To view the full guidelines, please visit the Accessibility: WCAG 2.1 and Evolve path.

Guideline 4.1.1

Parsing Level A In content implemented using markup languages, elements have complete start and end tags, elements are nested according to their specifications, elements do not contain duplicate attributes, and any IDs are unique, except where the specifications allow these features.


This is where the guidelines start to refer to technical standards. This first point requires all code to be set up correctly and that pages are set up correctly, for example.

What does this mean for your content in Evolve?

Evolve is obviously a robust tool that has been built by expert developers and meets these criteria. There’s nothing an end-user needs to consider with regard to this point.

Guideline 4.1.2

Name, Role, Value Level A For all user interface components (including but not limited to: form elements, links, and components generated by scripts), the name and role can be programmatically determined; states, properties, and values that can be set by the user can be programmatically set; and notification of changes to these items is available to user agents, including assistive technologies.


This refers to technical standards within web pages to ensure they have been set up and labeled correctly, and that elements on screen can correctly be recognized by assistive technologies such as screen readers.

What does this mean for your content in Evolve?

All the development work for Evolve ensures that the output meets these standards.
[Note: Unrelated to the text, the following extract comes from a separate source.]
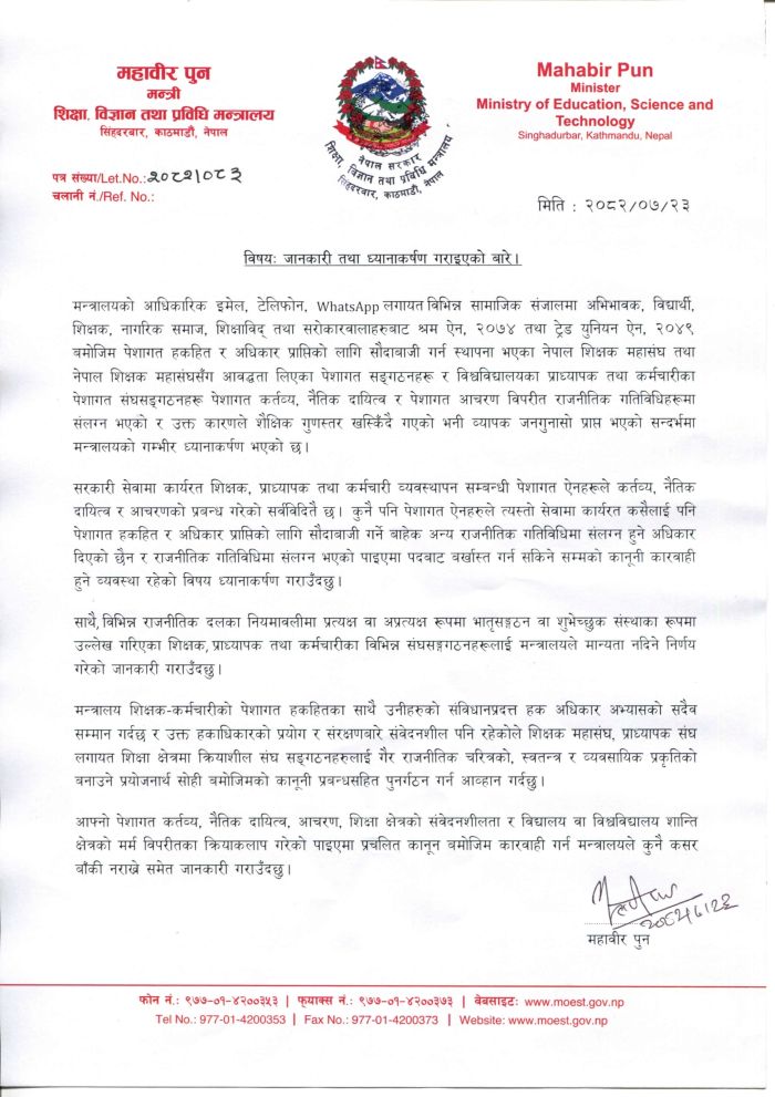शिक्षा, विज्ञान तथा प्रविधि मन्त्री महावीर पुनले सार्वजनिक रूपमा ध्यानाकर्षण पत्र जारी गर्दै दलमा संलग्न भएको पाइएमा कानूनी कारबाही गर्ने बताएका हुन्।

There is nothing an end-user needs to do to meet this requirement.

Guideline 4.1.3

Status Messages Level AA In content implemented using markup languages, status messages can be programmatically determined through role or properties such that they can be presented to the user by assistive technologies without receiving focus.


A status message can take a number of different forms, but most of them don’t apply to eLearning content. An example of a status message would be when you upload a photo to social media and a message informs you it was unsuccessful.

What does this mean for your content in Evolve?

A status message is used to alert the learner to a change or that an action was unsuccessful. There aren’t many circumstances where the learner needs to be notified like this. Let’s take an example of a situation like this in Evolve: a learner using a screen reader tries to answer a multiple-choice question, but they haven’t selected an answer option.

When they arrive at the Submit button, the screen reader will tell them what the button is, and the fact it’s unavailable. When they go back through the answer options, the screen reader will tell them each one is unselected. The information is there for the learner to alert them to the status of any interaction they are navigating through.